TAGS: culturefreedomreal-learningSDE

Last Thursday was a rather typical day at East Kent Sudbury School. Typical in that the things that usually occur during the course of our days occurred on that day too. Students started arriving from around 9.30am, signed themselves in and picked their cleaning job for the day. The Judicial Committee met as usual and dealt with the issues from the previous day including the results of an investigation into a mess left in the Hall on Tuesday. Responsibility was acknowledged by those involved and a means of making amends agreed. Lunches were eaten and probably shared, cups of tea were drunk, conversations had, games played, books read, pocket money spent, plans made, disagreements resolved and friendships strengthened.

Yet, it was also typical in that it was unlike any day we’ve had before or are likely to experience again. For me it began when I woke my daughter who announced that today she was going to be a cat. She fashioned a suitable outfit and asked if we could take the face paints in with us. Of course, she was not the only student to like the idea of getting their face painted and so I was able to exercise my artistic muscles and spent several hours painting cats, dragons, wolves and other requests. Painting is something I always enjoy, I find it relaxing and it fills my creative cup right up. But on this occasion the most enjoyable thing about painting faces was having the time to sit and chat with the students I was painting and their friends who were keenly observing.

As often happens when two or more people find themselves together with nothing else to distract them the conversation flowed freely. And the topics ran the gamut; we covered who likes dragons and why, friendships, what people were voting for in the Hall that day (which is a polling station for local elections), upcoming trips, ideas for workshops, plans for pocket money, the best things about coming to EKSS – one student told me it was the laws she liked best because that’s what made her feel safe enough to be free – and much much more. I felt incredibly privileged to be a staff member here and to have the time to get to know these extraordinary young people and that they would trust me with their thoughts and let me into their worlds.

Over on the next table some older students and staff were playing a game of Risk, brought in by someone else from home. Every now and then conversation from the Risk table wafted across to the painting table and I caught snippets of strategies being discussed, triumphant cries and words of support and encouragement.

Trips to the shops are rapidly becoming a daily feature and on this particular day there seemed to be more trips than ever. I took a group of five friends to spend their pocket money, only two of them actually had money to spend the others were just there for company and to advise in the all important spending decision. Very kindly the girl with the most money was planning to get something to share with everyone and so they set about weighing up a bag of Haribo versus four cartons of chocolate milk and which was better value for money.

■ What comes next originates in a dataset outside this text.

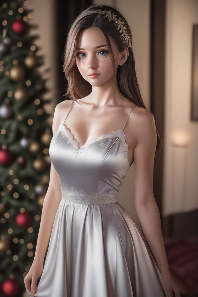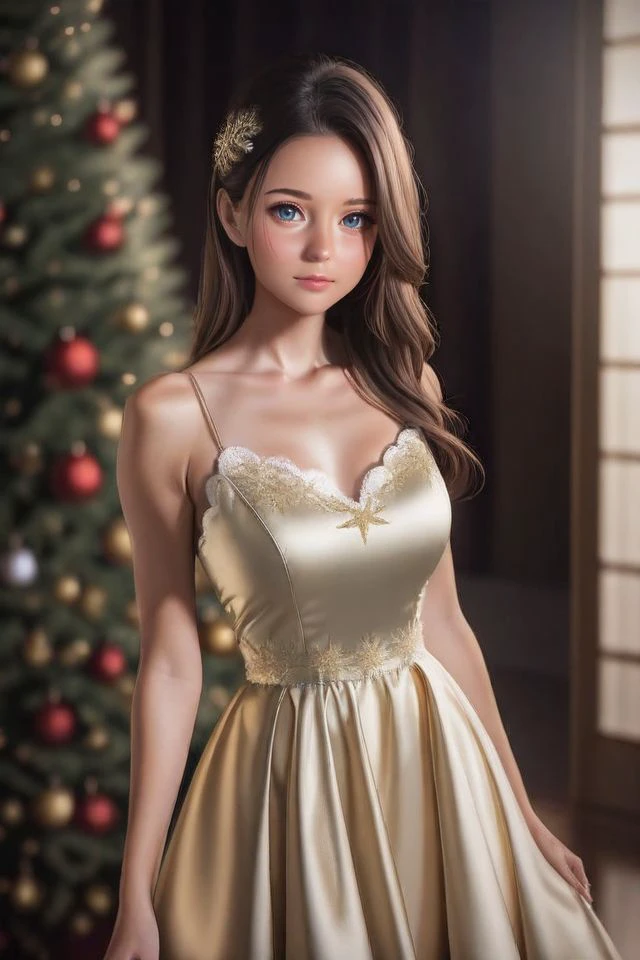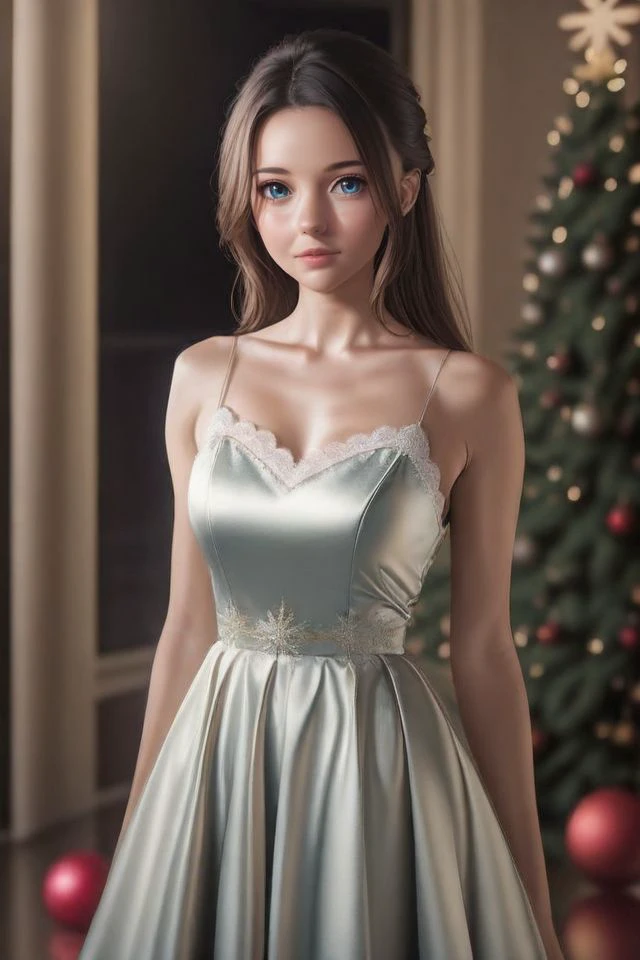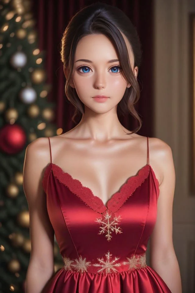 (masterpiece:1.3, realistic:1.3), best quality, ultra detailed, intricate, professional photography, HDR, High Dynamic Range, (8k UHD), RAW photo, dslr, realistic LUT, cinematic LUT, perfect lighting, professional lighting, cinematic lighting, cinematic shadows, iridescent lighting, 1girl, wearing a red ball gown adorned with golden snowflakes and intricate white lace trim, festive holiday background with a beautifully lit Christmas tree, soft focus background, studio lighting, looking at viewer, photorealistic, collarbone accentuated, depth of field, elegant holiday dress design, solo

Conversation lively as always we talked about fashion and shopping and weekend plans. Between themselves the girls discussed what would their other friend who’d stayed behind think of their purchase, did it matter what she thought? Would she be jealous? A careful dissection of the complexities of social dynamics and the psychology of others. This trip was unusual, however, in that it had a double purpose, the girls also wanted to enquire with a local pottery studio about booking a workshop there. Information acquired we discussed which days and times would work best and made a plan on the way back.

Building a culture within a new community is not easy. It often feels like walking a tightrope, constantly trying to balance freedom of individuals with respect for the community, wobbling too far one way then the other. Last year I read a blog post from Sudbury Valley School about how a visitor had described spending time there as a spa for the soul. Our visit to SVS was certainly like that, yes the grounds are beautiful, but it is more than that. Being around young people living their lives according to their own rhythm, forging their own paths whilst trusting they will always be respected by others around them creates a very special atmosphere. Our grounds are not as beautiful or grand (yet), and no one expected a culture like that to form overnight. We are only 14 weeks in, our culture is very young. We have days when it feels raucous and loud, followed by big conversations about respect for others who need quiet. We have days where no one seems to be getting on followed by days of such kindness and cooperation it melts your heart. Zoe Readhead famously wrote that “Summerhill is a real place, not a utopia. Living in a community of around 100 people is not always easy.” East Kent Sudbury School is no utopia either, getting along with other people is real life and we see plenty of real life ups and downs. But a culture is forming. A culture that values individual liberty and community responsibility. Watching young people make real decisions, find their own paths through life, forge new friendships and over come their own hurdles is both a typical and an extraordinary experience as staff at EKSS, and some days it does indeed feel like a spa for the soul.

Having experienced varied educational styles growing up, Kezia, attended both mainstream schools and the world’s first democratic school, Summerhill in Leiston, Suffolk, an experience which left a lasting impact. Later on Kezia graduated from Chelsea College of Art and Design in 2003 in Fine Art going on to establish a career in digital design and marketing. Now mother to two daughters Kezia chose to stay home with her family and home educate her children before embarking on founding East Kent Sudbury School.